The insulin receptor is a plasma membrane tyrosine kinase receptor that binds insulin and has a vital function in blood glucose homeostasis regulation (De Meyts 2004). The evolutionary history of the insulin receptor is particularly interesting because it spans a central portion of the tree of life, which coincides with a long gap in genome availability. The evolution of this vital receptor started in marine sponges (Skorokhod et al 1999), and underwent duplications in amphibians (Hernandez-Sanchez et al., 2008; Renteria et al., 2008), forming the insulin receptor-related receptor (INSRR) and the insulin-like growth factor 1 receptor (IGF1R). INSR was, unlike many other expanded receptor families and their ligands (Daza et al 2011), apparently skipped over (Collins et al 2012) during rounds 1 and 2 (R1 and R2) of the whole genome duplication events (Kuraku et al 2009). However, both insulin and EGF receptors appear to have undergone teleost-specific genome duplication (Laisney et al 2010).
The Drosophila melanogaster (Diptera: Drosophilidae) genome contains seven insulin-like peptide genes (Ilp1–7), but interestingly only one insulin receptor (“InR” – using the species-specific nomenclature) homolog.

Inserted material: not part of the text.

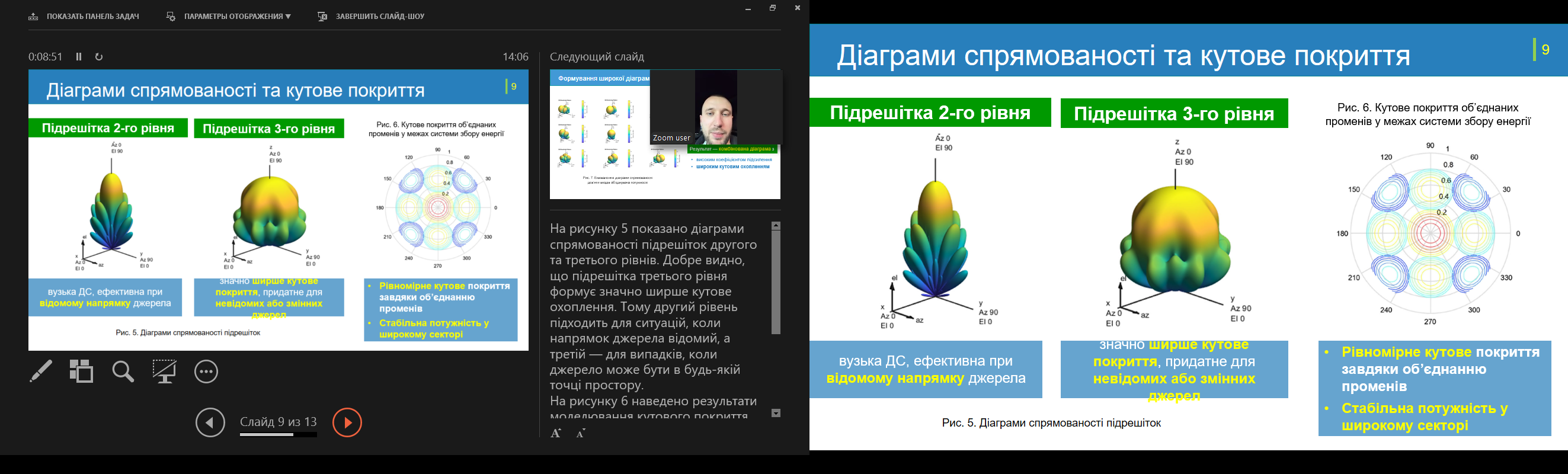 Серед представлених досліджень — антенна решітка GPS сигналу на базі спіральних та патч-антен, імпульсний магнітно-плазмовий компресор для антибактеріальної та стерилізаційної обробки матеріалів, інфокомунікаційна система екзаменаційно-тренінгового центру іноземних мов, метод формування діаграми спрямованості для фазованих антенних решіток, мережева архітектура «розумного міста» з використанням IoT-рішень, метод відновлення біфуркаційних параметрів хаотичних генераторів, метод повного фазового зсуву для вимірювання кутів закручування валів, що обертаються, інтелектуальне декодування завадостійких кодів у системах 5G/6G на основі технологій штучного інтелекту та глибокого машинного навчання, а також інтелектуальна система збору бездротової енергії.

With this in mind, Pietrokovski and Shilo (2001) used bioinformatic methods to search for new signaling components within the Drosophila genome. Remarkably, they reported two genes that appear to encode truncated forms of the insulin receptor, displaying 32–45% identity to InR in the receptor L domains. These genes, CG3837 and CG10702, lack the conserved insulin receptor cytoplasmic tyrosine kinase domains, but contain the extracellular L1, cysteine-rich and L2 domains. In addition, CG10702 possesses a transmembrane domain, while CG3837 seems to encode a secreted protein. The overall amino acid similarity between CG3837 and CG10702 is only 25%. The authors hypothesized that these proteins could possibly inhibit insulin signaling by sequestering the various insulin-like peptides (Ilps), analogous to Argos function on EGFR ligands in fly (Klein et al., 2008), or potentially modulate signaling by cooperating with other receptors. What has not been clarified is the conservation of these genes within the class Insecta, or whether vertebrates produce similar truncated insulin receptor-like proteins.

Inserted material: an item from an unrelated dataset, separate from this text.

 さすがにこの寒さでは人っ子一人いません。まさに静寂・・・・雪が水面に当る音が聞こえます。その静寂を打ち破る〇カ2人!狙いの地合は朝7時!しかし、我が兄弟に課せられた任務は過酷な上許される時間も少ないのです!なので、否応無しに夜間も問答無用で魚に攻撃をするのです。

While INSRR has known splice variants in rat stomach and kidney, and Mathi et al (1995) have reported 6 kb and 2 kb INSRR mRNAs in human tissues, these variants have never been fully confirmed in human. The INSRR receptor appears to have diverged approximately mid-way between the arthropod lineage, which contains truncated insulin receptor-like genes, and the higher animals that make use of truncated splice variants. Therefore, comparing the insulin receptor-like proteins, whether or not they arise from receptor-like genes or alter-native splicing, is a promising avenue towards understanding differences in conservation patterns between the functions of truncated and full-length receptors.

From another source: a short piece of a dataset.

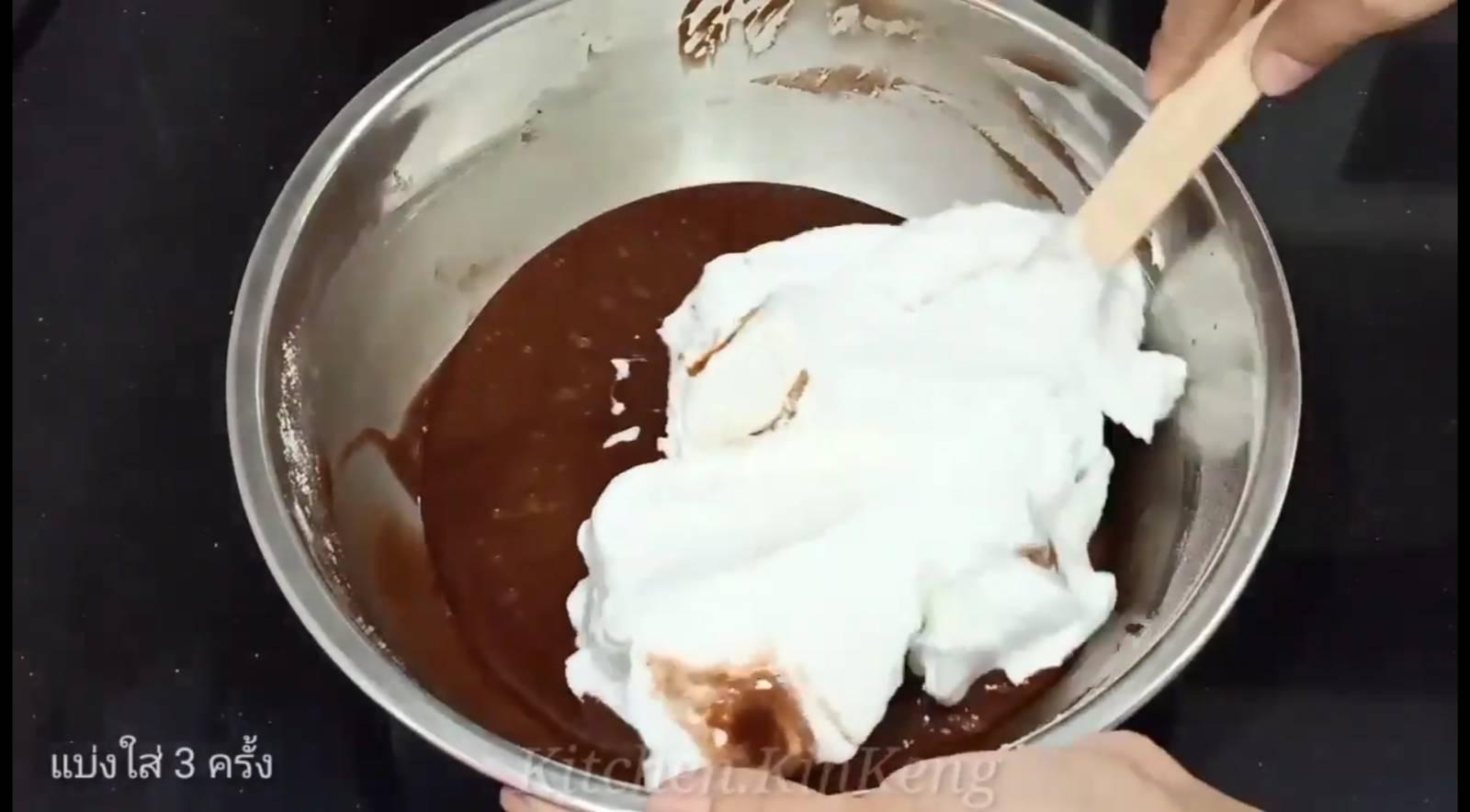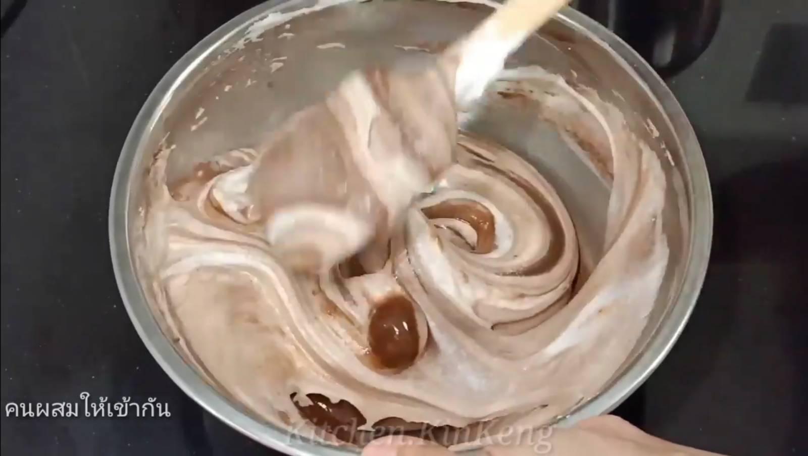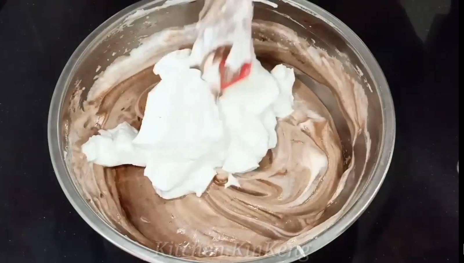 ไข่ขาวตีได้ที่แล้วนำมาผสมกับส่วนของไข่แดงแบ่งใส่ 2-3 ครั้งจะผสมง่ายค่ะ

Therefore, in the present study we analyzed the evolutionary relationship of the recently discovered truncated variants of the insulin receptor family. We present phylogenetic evidence for similarity between the mammalian INSRR and truncated variants in insects, new evidence for truncated variants in other arthropods, and preliminary findings of a putative truncated splice variant of the INSRR in humans.
The bioinformatics search method was implemented as a Perl script (available on request). We used a query consisting of Drosophila InR ectodomain (C4G-LC –Furin– C4G-LC) and the same region from Drosophila EGFR (not including the second Furin domain). The TBLASTN cutoff was 1e–5. If a hit was found, it was categorized as kinase-positive if there was a Drosophila InR kinase hit within 10,000 bps, at a hit quality 1e–5, in the same orientation. If the original hit was closer than 10 kbp to the contig end (depending on hit direction), the hit was disqualified as uninformative (“overshoot” error).
The following genomes were analyzed: AAAB01 (Anopheles gambiae str. PEST), AAGE02 (Aedes aegypti, strain Liverpool), AAWU01 (Culex quinquefasciatus strain JHB), AAJJ01 (Tribolium castaneum strain Georgia), ACJG01 (Daphnia pulex). In addition, Glossina morsitans (Diptera: Calyptratae) was searched manually.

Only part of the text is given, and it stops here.